Retype each line of the material exactly, please, skipping any picture in it.
[[ RECORDED DATA, beginning ]]
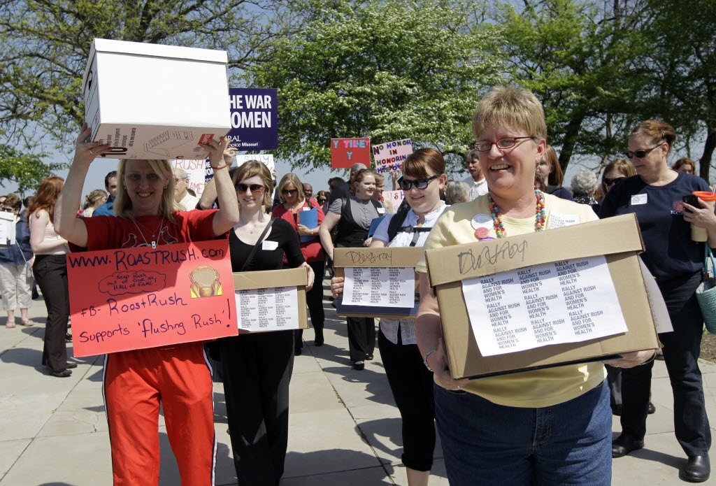 Protesters carry boxes containing petition signatures Wednesday in Jefferson City, Mo. The protesters delivered 35,000 petition signatures Wednesday to the House speaker’s office opposing the inclusion of conservative talk show host Rush Limbaugh in the Hall of Famous Missourians in the latest in a series of opposition efforts to Limbaugh’s selection. Story here. (AP Photo/Jeff Roberson)
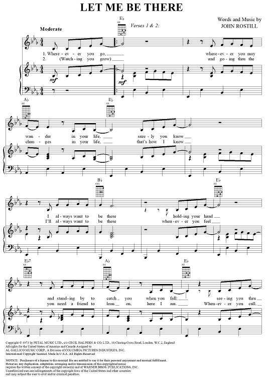 Digital Sheet Music for Let Me Be There by Olivia Newton-John, John Rostill scored for Piano/Vocal/Chords; id:254935
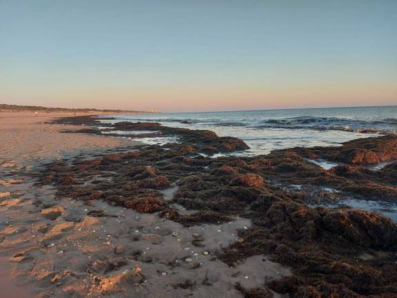 Algunas playas de Huelva, entre ellas las de La Bota y El Cruce, en Punta Umbría, están amaneciendo estos días cubiertas por montañas de algas.
[[ RECORDED DATA, end ]]
PROBLEM SOLUTION:
 Protesters carry boxes containing petition signatures Wednesday in Jefferson City, Mo. The protesters delivered 35,000 petition signatures Wednesday to the House speaker’s office opposing the inclusion of conservative talk show host Rush Limbaugh in the Hall of Famous Missourians in the latest in a series of opposition efforts to Limbaugh’s selection. Story here. (AP Photo/Jeff Roberson)
 Digital Sheet Music for Let Me Be There by Olivia Newton-John, John Rostill scored for Piano/Vocal/Chords; id:254935
 Algunas playas de Huelva, entre ellas las de La Bota y El Cruce, en Punta Umbría, están amaneciendo estos días cubiertas por montañas de algas.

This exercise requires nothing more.